Joykrishnapur is a  village in the Bishnupur CD block in the Bishnupur subdivision of the Bankura district in the state of West Bengal, India.

A Medieval Survey of History

A beautiful Garuda pillar of 12th‒13th-century was found at Joykrishnapur which is a part of the Bishnupur capital, now preserved in the Bishnupur Museum. Apart from these, Ayudhapurusha and Sankhapurusa have been found, which are associated with symbols of Vishnu.

Geography

Location
Joykrishnapur is located at .

Area overview
The map alongside shows the Bishnupur subdivision of Bankura district. Physiographically, this area has fertile low lying alluvial plains. It is a predominantly rural area with 90.06% of the population living in rural areas and only 8.94% living in the urban areas. It was a part of the core area of Mallabhum.

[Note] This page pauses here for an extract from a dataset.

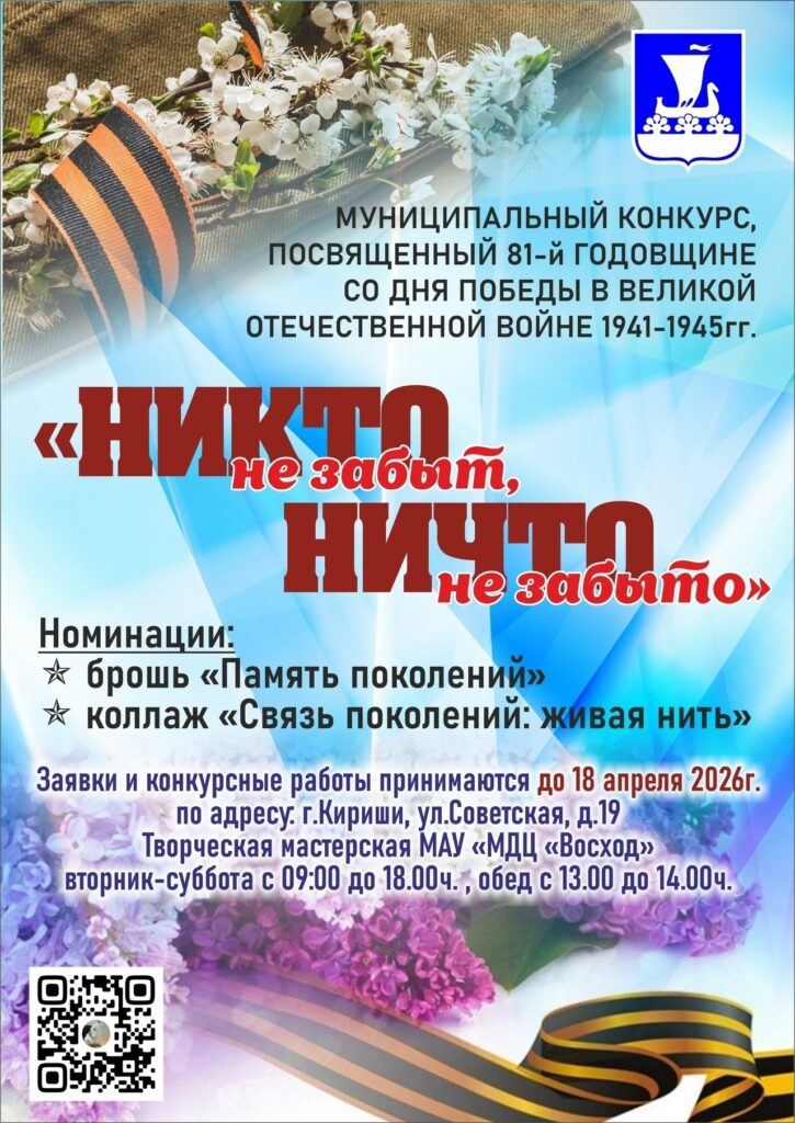 Когда: 23 февраля 2026 годаГде: г. Кириши, лыжная трасса в парке «Прибрежный» В программе:Свободный стиль.Марафон: 50, 30, 20 км (для взрослых).Лыжная гонка для участников до 18 лет: 10 и 5 км. Сбор и регистрация участников — в 9:30. Более подробно с программой можно ознакомиться, отсканировав QR-код на афише. Проведите день активно и с пользой для …

Note: The map alongside presents some of the notable locations in the subdivision. All places marked in the map are linked in the larger full screen map.

Demographics
According to the 2011 Census of India, Joykrishnapur had a total population of 2,749, of which 1,396 (51%) were males and 1,353 (49%) were females. There were 307 persons in the age range of 0–6 years. The total number of literate persons in Joykrishnapur was 1,788 (73.22% of the population over 6 years).

Education
Joykrishnapur High School is a Bengali-medium coeducational institution established in 1963. It has facilities for teaching from class V to class XII. The school has 5 computers and a library with 1,750 books.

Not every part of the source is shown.